---------- Data shown ----------
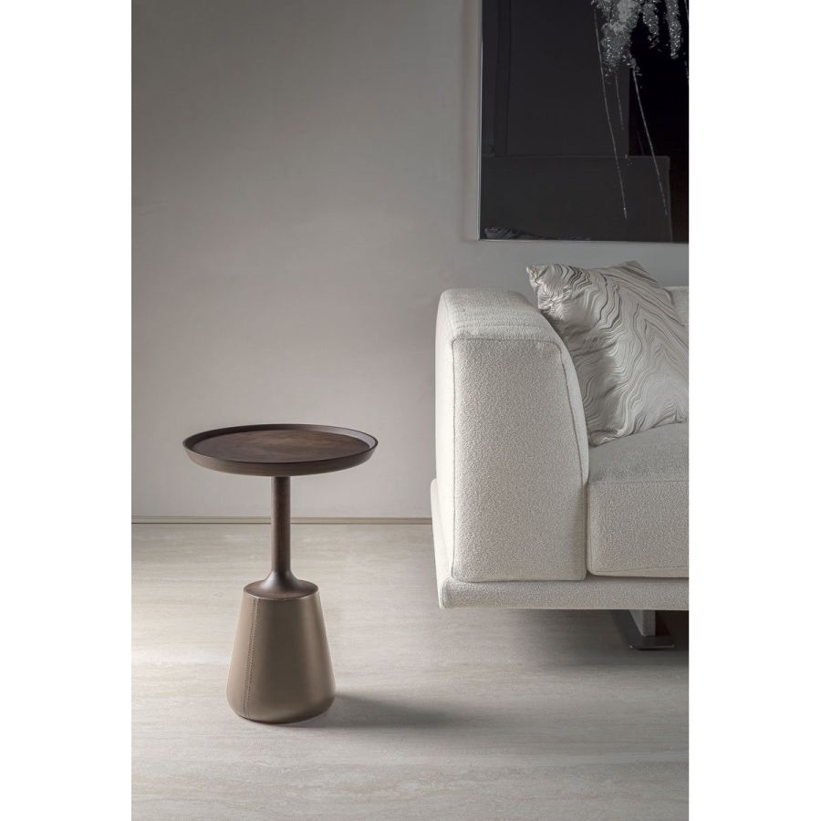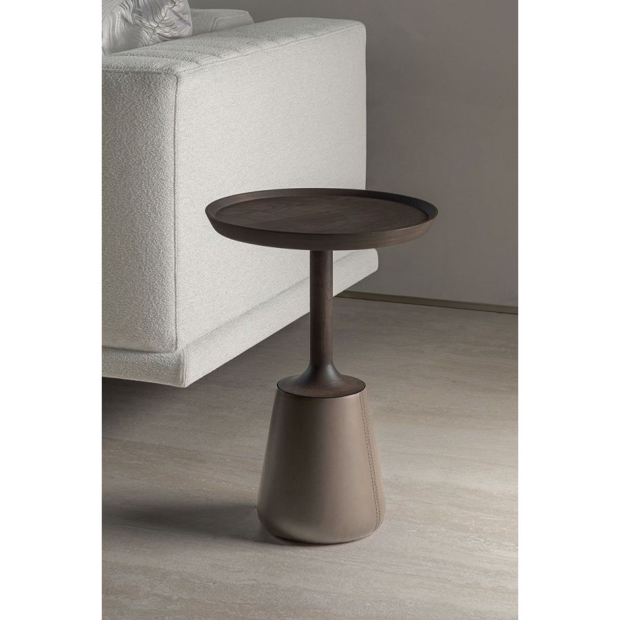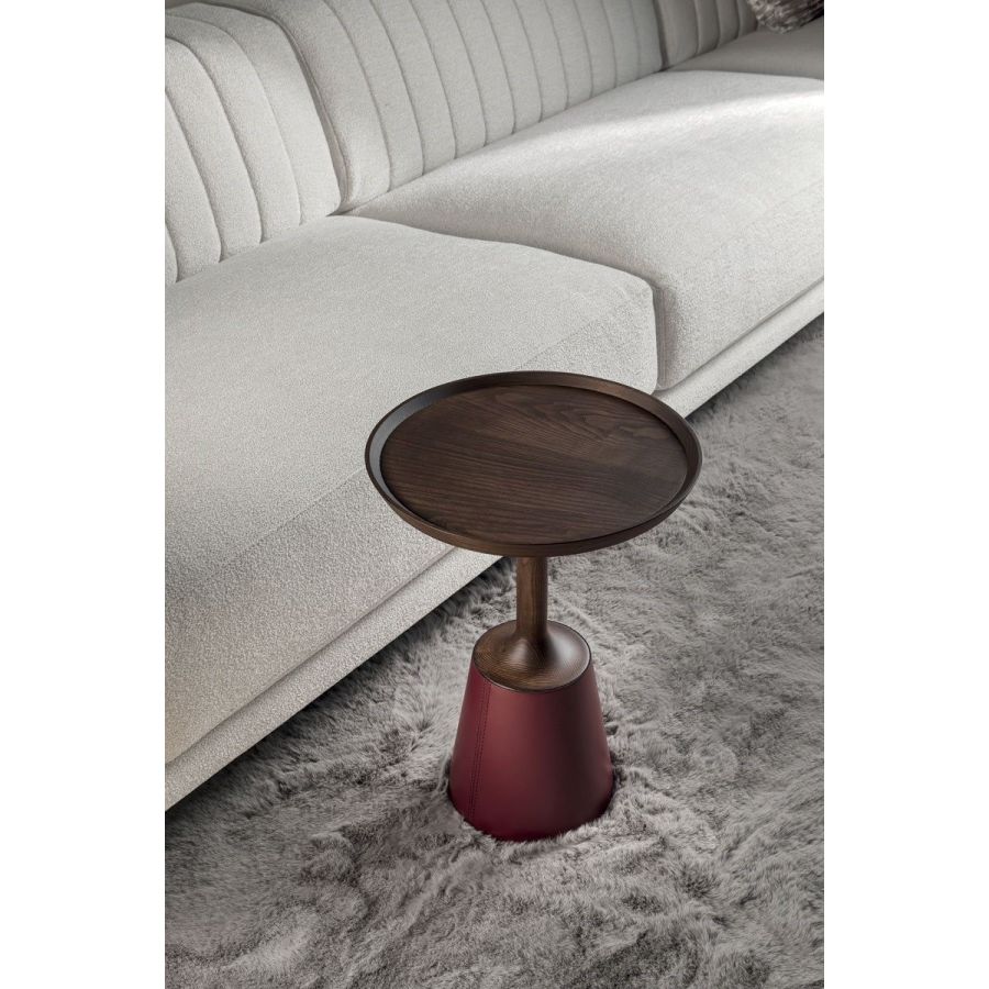 Round utility table in solid turned wood, in a single piece, stained moka or grey. The base is covered in leather in the colours: burgundy, taupe, tobacco, natural.
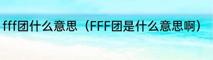 简介fff团什么意思?fff团,网络上的该词,意为当遇到秀恩爱的行为时就有种想要把对方“烧死”的一种群体,所以特指单身狗们。该词出自轻小说《
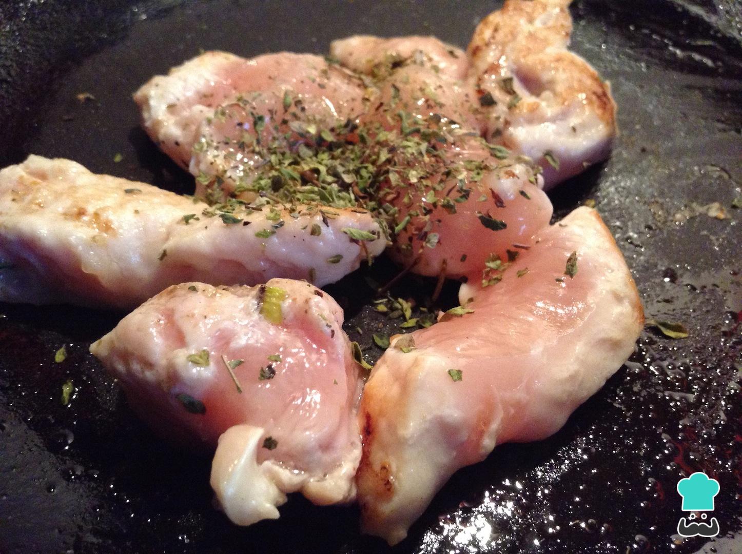 En la misma sartén donde salteaste la cebolla larga agrega el pollo cortado en tiras o cubos. Añade sal y pimienta negra al gusto.
----------
Directions:
Return exactly the lines starting at the line with "简介fff团什么意思?fff" and ending at the last line of the listing, both ends included; pictures are to be left out.

Response area:
 简介fff团什么意思?fff团,网络上的该词,意为当遇到秀恩爱的行为时就有种想要把对方“烧死”的一种群体,所以特指单身狗们。该词出自轻小说《
 En la misma sartén donde salteaste la cebolla larga agrega el pollo cortado en tiras o cubos. Añade sal y pimienta negra al gusto.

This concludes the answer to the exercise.